Precore stop codon mutation of hepatitis B virus is associated with low breakthrough rate following long‐term lamivudine therapy

Background:  Frequent viral breakthroughs limit the usefulness of lamivudine in the treatment of chronic hepatitis B (CHB). The purpose of the present study was to evaluate the effects of precore stop codon mutation (G to A mutation at nucleotide 1896; A 1896 ) of hepatitis B virus (HBV) on the occurrence of viral breakthrough following lamivudine therapy. Methods:  Among 260 consecutive CHB patients treated with lamivudine for >12 months, 231 patients whose pretreatment sera were available were tested for A 1896 variant of HBV using direct sequencing. Results:  Between patients with A 1896 variant ( n  = 74) and those without it ( n  = 157), there was no difference in age, gender, serum alanine aminotransferase (ALT) level, the duration of therapy and prevalence of core promoter mutants. Serum hepatitis B e antigen (HBeAg) positivity and HBV‐DNA level were lower ( P  = 0.00 and P  = 0.01) and liver cirrhosis was more commonly associated in patients with A 1896 variant mutant compared with those without it. In univariate analysis, viral breakthrough was more frequent in HBeAg‐positive patients ( P  = 0.03) and in those with high serum HBV‐DNA level ( P  = 0.01) as well as in those without A 1896 variant ( P  = 0.01).
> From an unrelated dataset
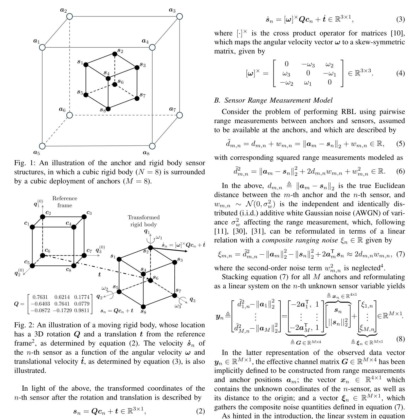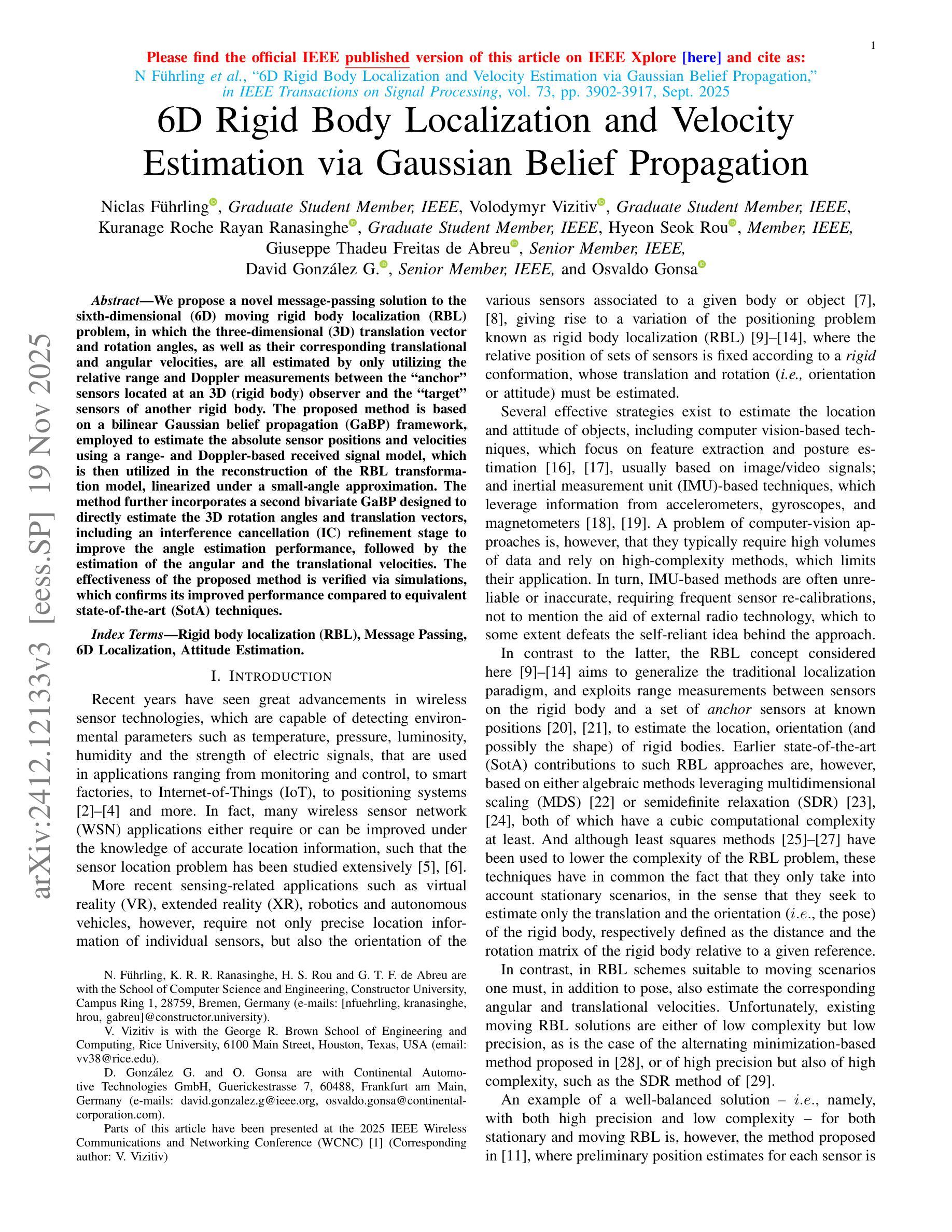 本文提出一种新型消息传递算法解决六维空间中的动态刚体定位问题,利用相对测距和多普雷达测量估计三维平移向量和旋转角度以及对应的速度和角速度。该方法基于双线性高斯信念传播算法框架,利用测距和多普雷达接收信号模型估计绝对传感器位置和速度,并重建在小角度近似下线性化的刚体定位转换模型。该方法还包含第二个双变量高斯信念传播算法,用于直接估计三维旋转角度和平移向量,并采用干扰消除细化阶段以提高角度估计性能,最终完成速度和角速度的估计。模拟验证显示此方法较当前先进技术的性能有所提升。

However, in multivariate analysis, the absence of A 1896 variant ( P  = 0.02) and high serum HBV‐DNA level ( P  = 0.03) were independent factors for viral breakthrough following lamivudine therapy. The cumulative viral breakthrough rates at 1 and 2 years were much lower in patients with A 1896 variant compared with those without it ( P  = 0.01). Conclusion:  The stop codon mutation at the precore region of HBV in addition to low serum HBV‐DNA level may be associated with low breakthrough rate following lamivudine therapy.